My understanding is that the wheelchair entrances are giving return time cards that are completely separate from the DAS. I've seen pictures of them on various blogs about the DAS. What is not clear is what the official policy is on getting a wheelchair card instead of using your DAS for a return time. Can you use both options?


----------



## sammatt

Wendydagny said:


> My understanding is that the wheelchair entrances are giving return time cards that are completely separate from the DAS. I've seen pictures of them on various blogs about the DAS. What is not clear is what the official policy is on getting a wheelchair card instead of using your DAS for a return time. Can you use both options?



If your needs are met by having a wheelchair, you don't get any special card. Your wheelchair serves as your cue to the cast members that you need mobility accommodations. In case of attractions that are not accessible via the standby line, the attendant may redirect you to an alternate entrance right away or give you a return card for later. I'm just not sure which attractions they are giving the return cards for.


----------



## Wendydagny

Right I get that. My daughter is in a wheelchair AND has needs that require a DAS. What I'm not sure about is if she can get a wheelchair return card independent of her DAS, or if that is "cheating the system".


----------



## sammatt

Wendydagny said:


> Right I get that. My daughter is in a wheelchair AND has needs that require a DAS. What I'm not sure about is if she can get a wheelchair return card independent of her DAS, or if that is "cheating the system".



I believe it is one or the other, but not both. Someone will chime in if I'm wrong.


----------



## Wendydagny

I'm not sure there is an official answer. It would seem unfair if you could not do both since there is no limit on the number of WC return cards that you can collect, but the DAS is limited. And since you do not have the option of choosing to wait standby at those attractions if you are already holding a return time on your DAS.


----------



## WheeledTraveler

You can have both a DAS and a wheelchair return return card at the same time. Several people have reported that it's even been suggested by CMs (at least at DL, if not WDW). Personally, I'd plan on not using the DAS for rides with a return card and just get a return card for those. Keep in mind, though, that I think the return cards do have a set return period (like a Fastpass) rather than being just "after x time" (the way that DAS does).


----------



## jlaalja

Just returned from a week at Walt Disney World. My daughter has a DAS card. We did not use it on rides with wheelchair return time cards. The return time cards are open ended, meaning you may return anytime after the time they give you. This is very helpful! We didn't do very well this trip with the new DAS & testing the new FP+ system but I think it's just going to require more planning. We did learn quickly that our daughter could not go with us to the rides to get the return times!


----------



## SueM in MN

jlaalja said:


> Just returned from a week at Walt Disney World.

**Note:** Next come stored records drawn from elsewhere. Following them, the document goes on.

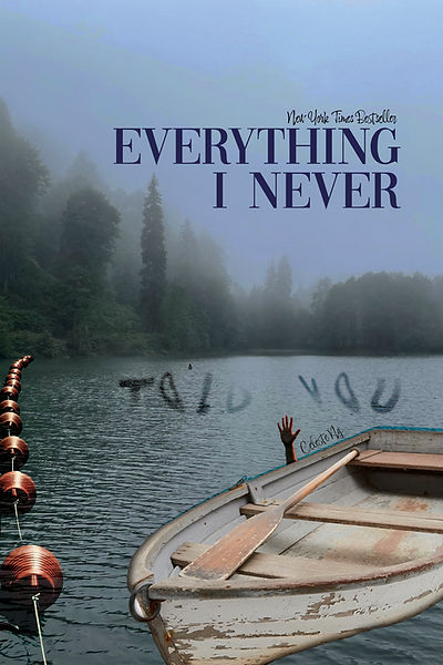 This design uses hierarchy, movement and asymmetrical balance to create a visually compelling and emotionally engaging composition. The hierarchy is clearly established through scale, placement and contrast. The boat and raised hand serving as the primary focal point. Their size, detail and placement in the foreground immediately draw the viewer's attention and create a strong emotional impact. The title, Everything I Never Told You, functions as the secondary element, positioned at the top and large enough to be read, but not overpowering. Additional information, like "New York Times Best Seller" and the buoys act as tertiary elements, while "Told You" blends into the environment to encourage close investigation.
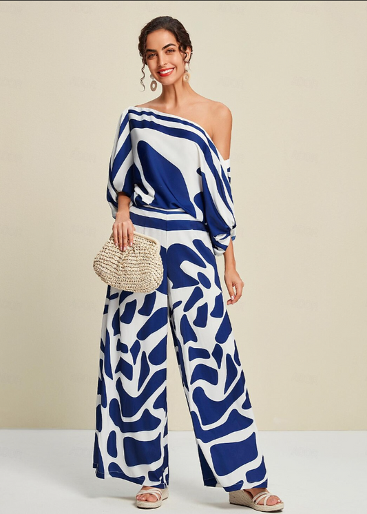 ΕΚΠΤΩΣΗΣατέν Σετ Top & Παντελόνι ΜΠΛΕ
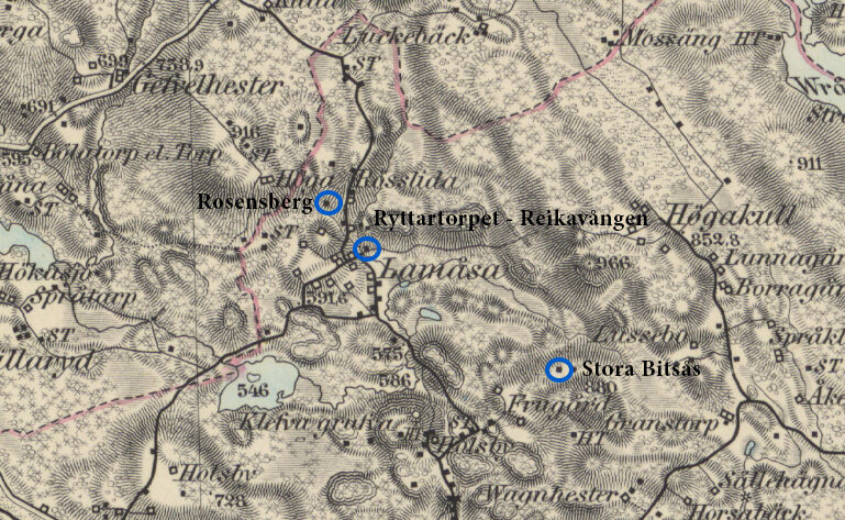 When Carl Magnus Peterson was born on 3 April 1834 in Björnstorp, Alseda, the father, the soldier Petter Johansson Reik, was 41 years old and the mother, Maja Stina Petersdotter, was 43 years old. Björnstorp, which was also called Ryttartorpet and was also called Reikavången, is today long gone but was located in Lammåsa outside Skede.
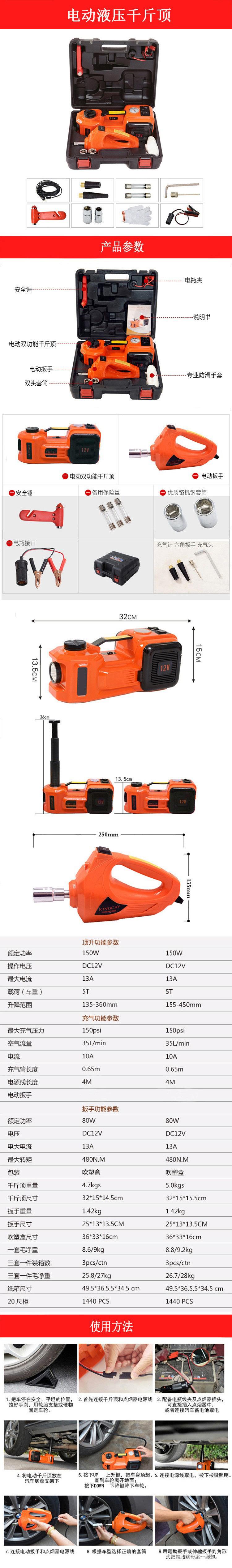 1、Integra un gato, una bomba de aire y una llave eléctrica en un paquete de caja de herramientas, que es fácil de transportar.
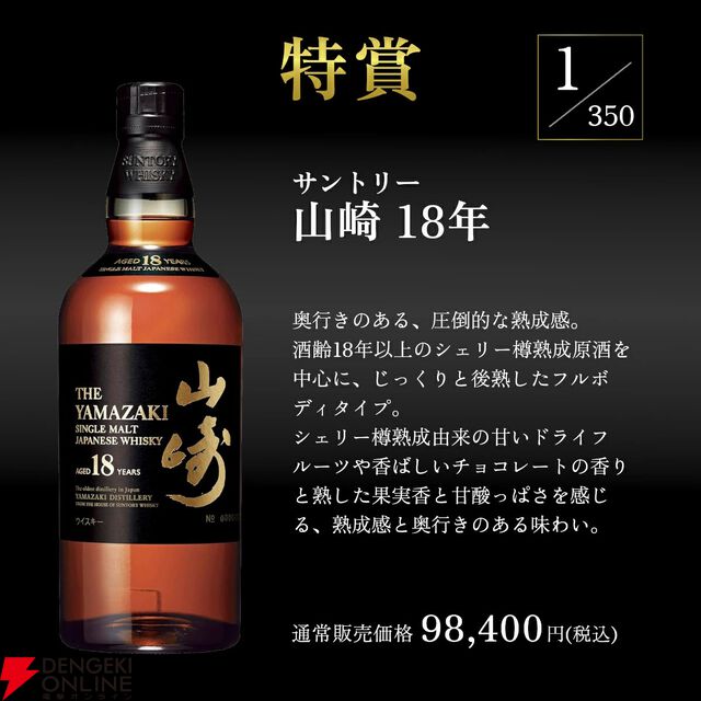 12,500円で山崎18年、グレンベリット30年、響21年、アランモルト25年などが当たり、末等でもなんと白州NVが届くプレミアムウイスキーくじ第1弾が販売中
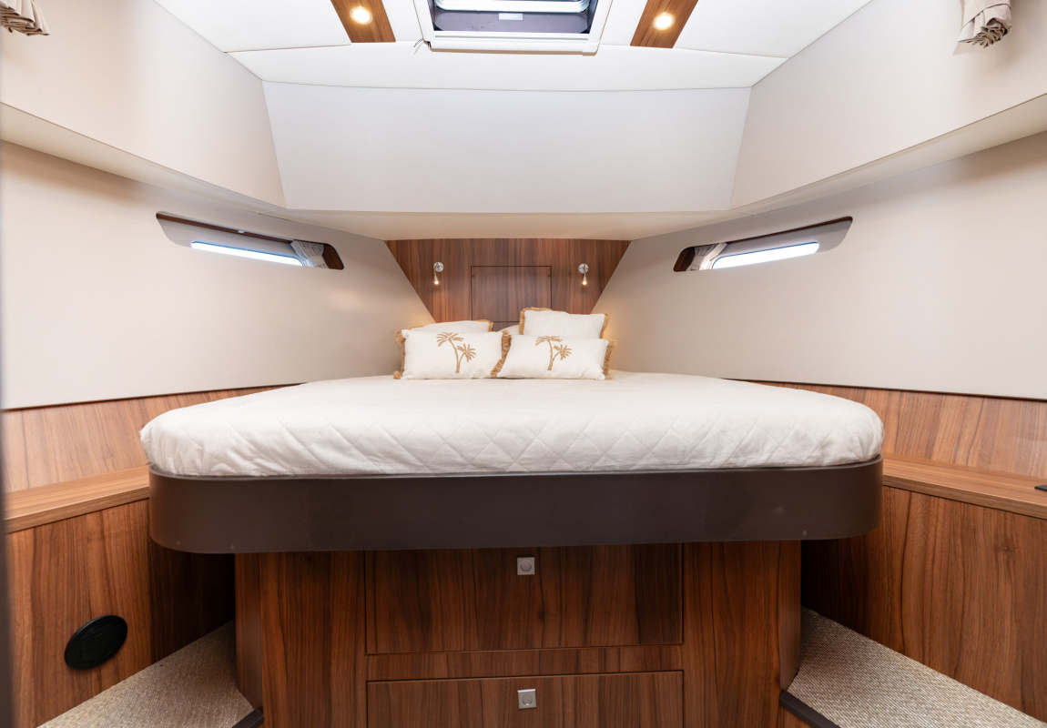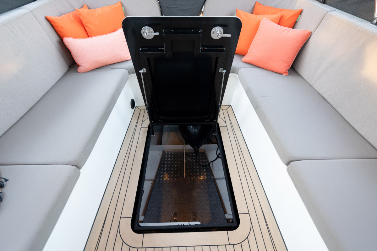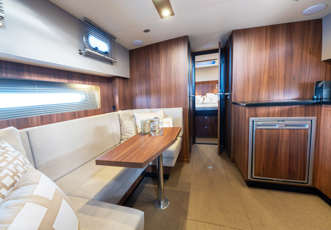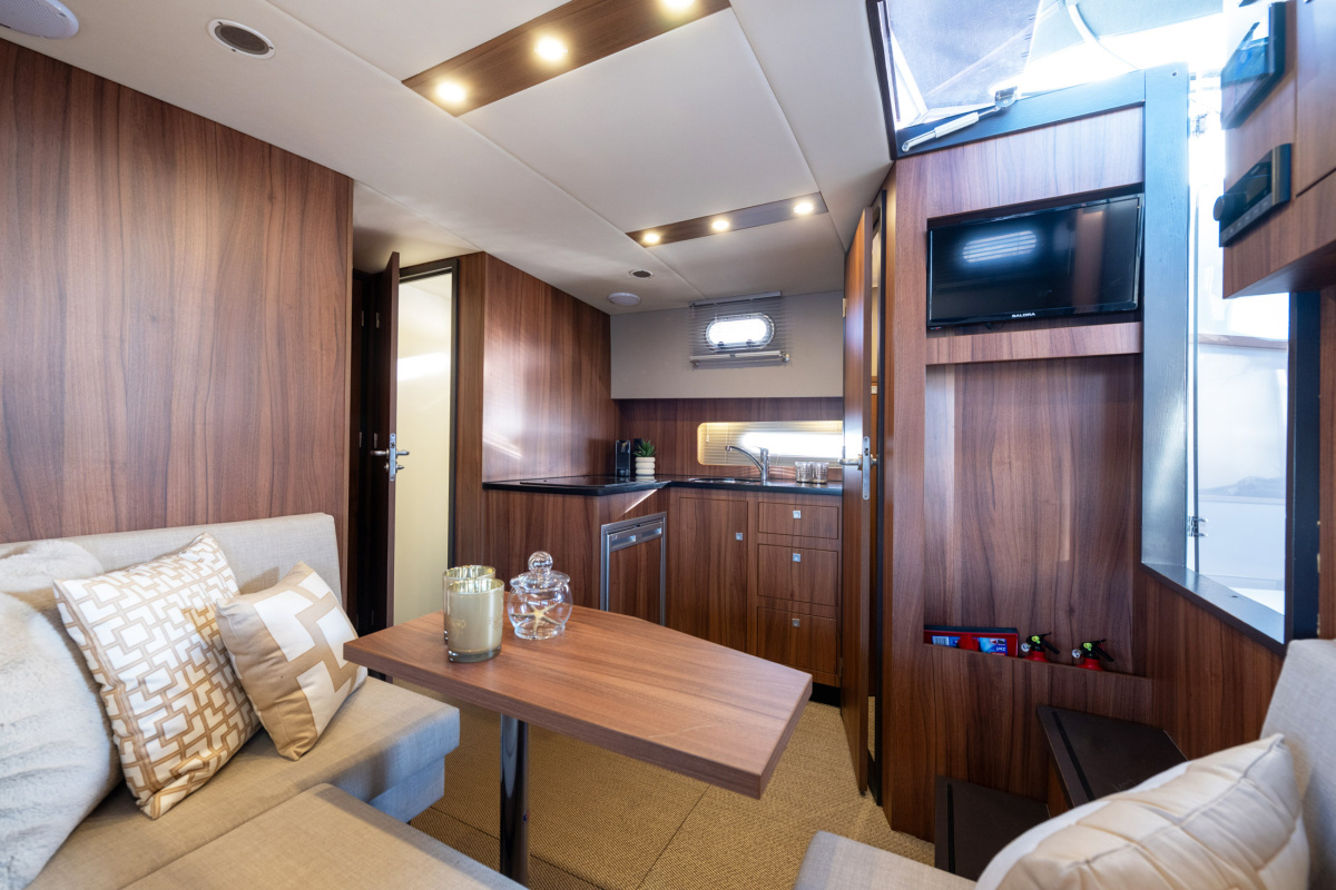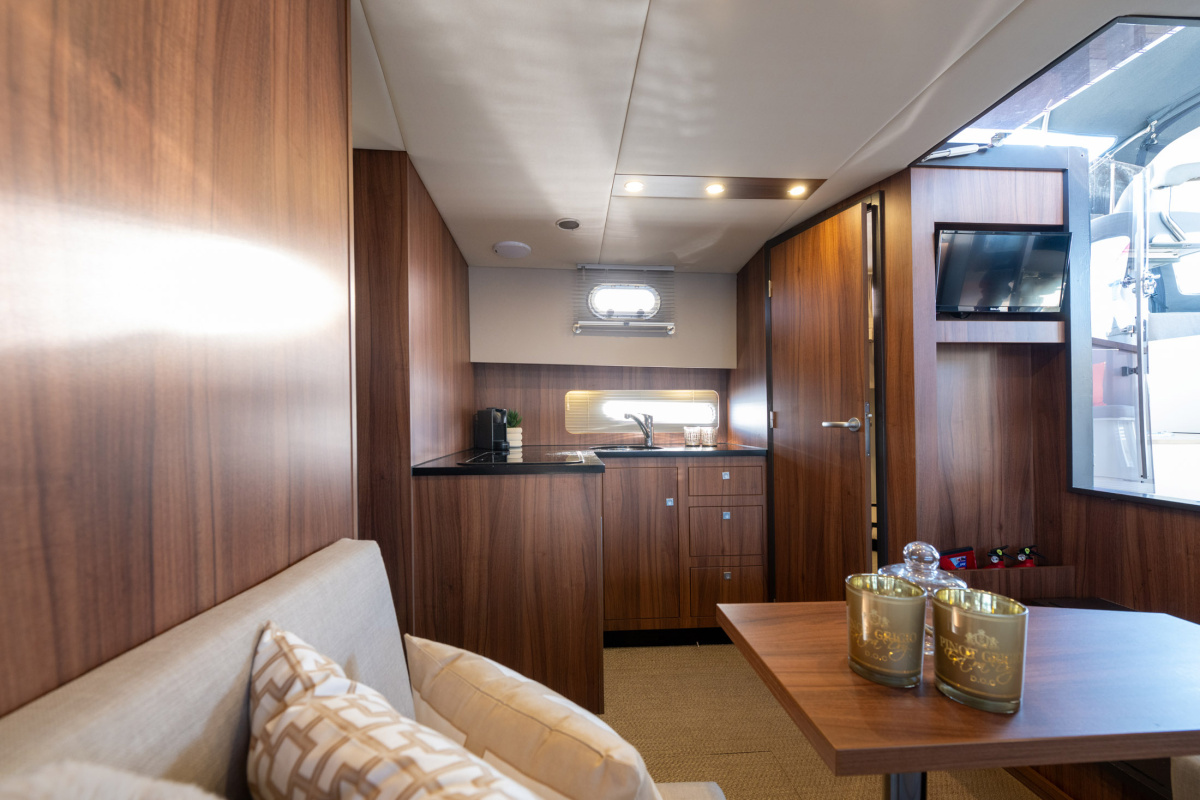 De royale kuip van deze Jetten 38 Cabrio is voorzien van comfortabele zitbanken en twee luxe stuurstoelen. Perfect voor ontspannen vaartochten! Binnen treft u een luxe en modern noteninterieur, met een ruim L-vormig kombuis en een gezellige U-vormige zit.
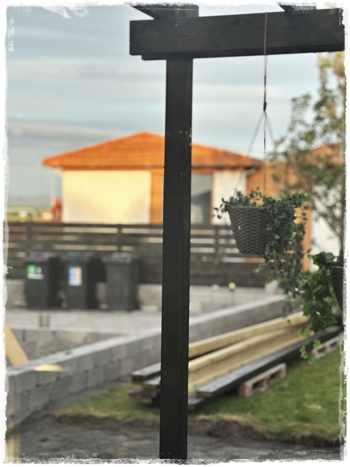 ….þegar við fórum í framkvæmdirnar utanhús fyrir tveimur árum, þá var algjörlega eitt af “stóru” málunum hvar við ætluðum að hafa sorptunnurnar. Sem þá voru reyndar bara tvær, en hafði fjölgað yfir í þrjár þegar að framkvæmdir höfðust. Eins og þið sjáið hérna þá voru þær alltaf bara staðsettar upp við húsvegg, ekkert sérlega fagurt og ávalt sýnilegar sem var mjög leiðinlegt að mínu mati…
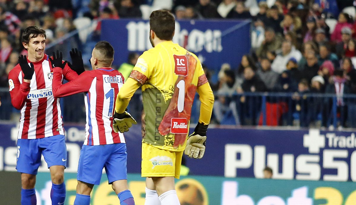 Goles: 1-0 17' Nico Gaitán, 2-0 22' Correa, 3-0 29' Juanfran, 4-0 45' Fernando Torres, 4-1 79' Pino.
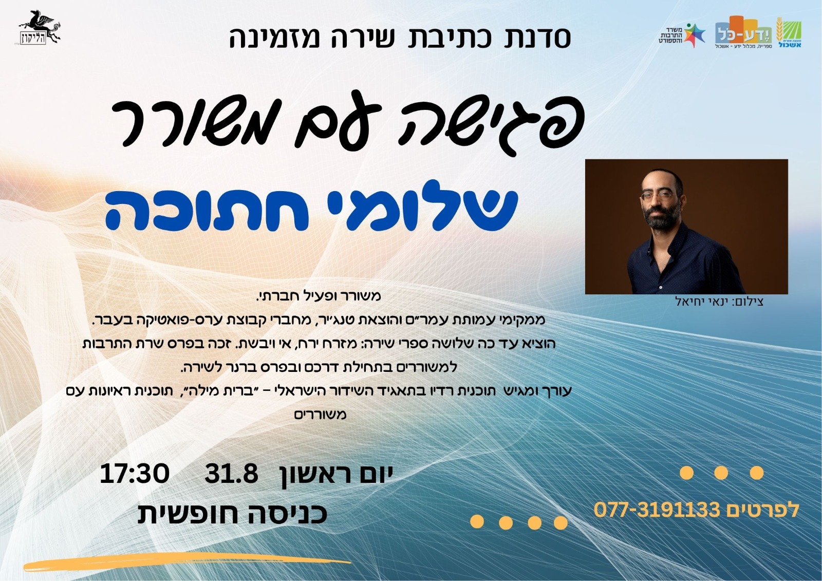 הוסף ללוח שנה 2025-08-31 00:00:00 2025-08-31 01:00:00 Asia/Jerusalem פגישה עם משורר - שלומי חתוכה למידע מלא: http://www.eshkol.info/events/1334/ ספריית ידע כל
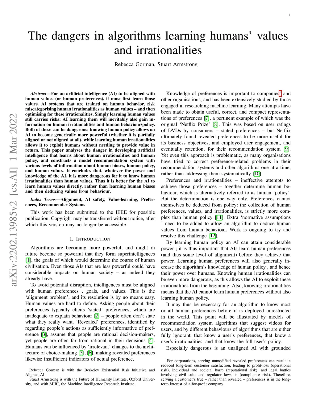 The dangers in algorithms learning humans' values and irrationalities
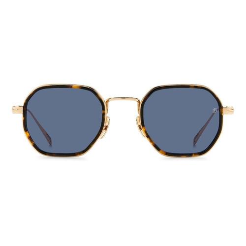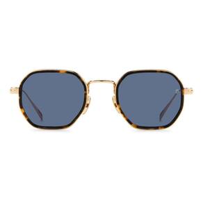 David Beckham modelo DB1097S 06J em metal dourado e lentes cosméticas na cor azul reflete todo o estilo de David Beckham. O monograma da marca está gravado na lente esquerda dos óculos de sol. Cada detalhe destaca a essência da elegância e sofisticação de David Beckham.
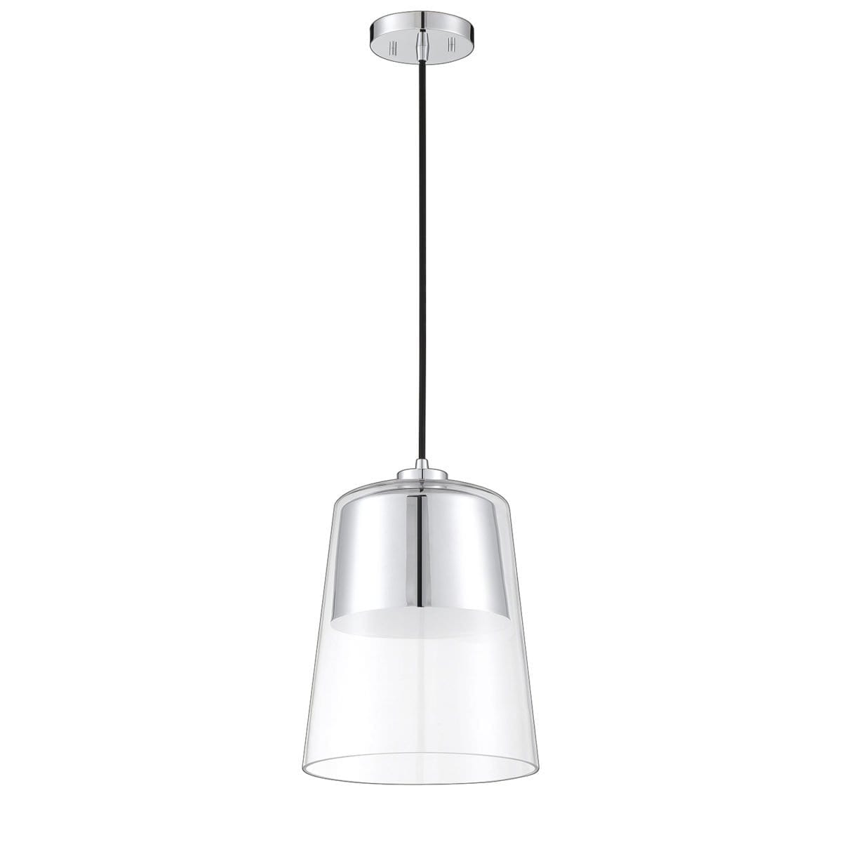 Elevate your space with the stylish CALADON 1-Light Chrome Pendant from Kendall Lighting, expertly designed to enhance any room’s ambiance. This modern pendant features a sleek chrome finish that beautifully complements its clear glass outer shade, making it the perfect addition to dining areas, living rooms, or entryways. With an overall width of 10 inches and a height of 14 inches, this pendant light is compact yet impactful, seamlessly integrating into your home décor. The fixture accommodates a single E26 medium-base bulb, allowing for a maximum wattage of 100, ensuring you have ample lighting for any setting.
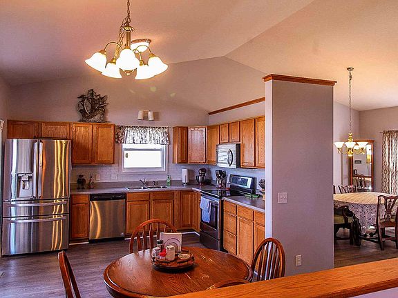 Open house has been cancelled. WALK OUT BASEMENT at $185,000?!?!?! Welcome home... A touch of color in the shutters and door nicely complements the soft subtle grey tones of the interior. Almost the entire home has been recently painted so this one is move in ready. The main floor of the home is all laminate flooring; from the front door to the patio door to the garage door. As you enter the home you have a flex room to the right ( it is currently used as a formal dining room). Around the corner you will find a LARGE eat-in kitchen with a wonderful run of cabinets, grey counter tops and newer stainless steel appliances. There is even enough room to add a nice island if you choose. The glass subway tile back splash is a nod to elegance in this comfortable home. Out the patio door is a 13 x 13 wood deck with stairs down to the yard and lower level living space. The great room is anchored by a tile fireplace and open to the kitchen / eating area. Upstairs you will find a nice landing, hall closet, a main bath and 3 bedrooms. The generous main bedroom is an ensuite with a walk in closet and full bath. Upstairs has ALL new carpet. The WALK OUT BASEMENT has an additional half bath that is completely done. The rest of the lower level is your equity when you drywall, paint and add flooring. The slider on the lower level leads out to a LARGE patio and entertaining area. All the attached shelving in the 2 car garage will stay.
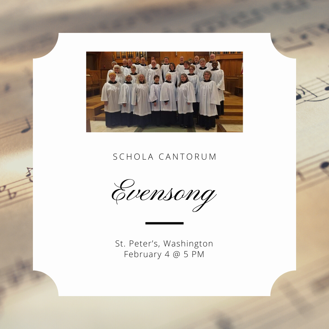 Schola Cantorum, whose mission is to promote the Anglican tradition of choral evensong, will return to sing on Sun., Feb. 4th at 5 p.m. at St. Peter’s, Washington. This group of singers from our diocese is conducted by Kevin Kerstetter of St. Michael’s in Raleigh.
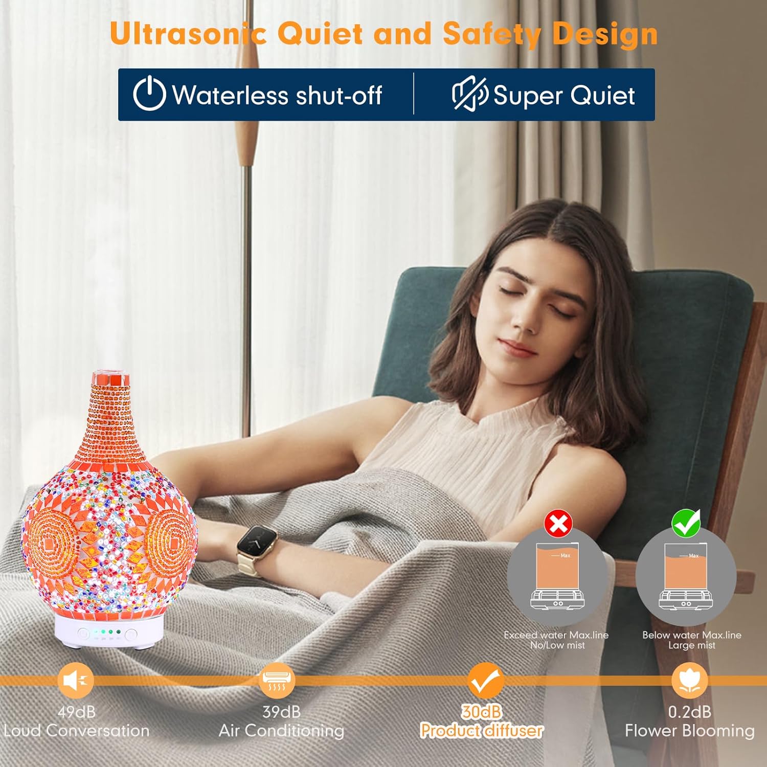 Secure and Dependable Design: Made with BPA-free supplies and premium glass, this diffuser is secure for your loved ones. The waterless auto shut-off operate ensures worry-free use by powering down when the water degree is low.

My daughter has a DAS card. We did not use it on rides with wheelchair return time cards. The return time cards are open ended, meaning you may return anytime after the time they give you. This is very helpful! We didn't do very well this trip with the new DAS & testing the new FP+ system but I think it's just going to require more planning. We did learn quickly that our daughter could not go with us to the rides to get the return times!


----------



## My2CrazyGirls

We returned from our Thanksgiving week trip!  It was GREAT!  The DAS worked out great for our daughter, no issues at all!  I do have an observation....there were so many fewer ECV's there there have been in past trips.  Maybe this proves the amount of people who were scamming to get a GAC was very high!


----------



## lovethattink

Yesterday we went to see the princesses from Frozen. As with other M&G without times posted, a DAS cannot be used.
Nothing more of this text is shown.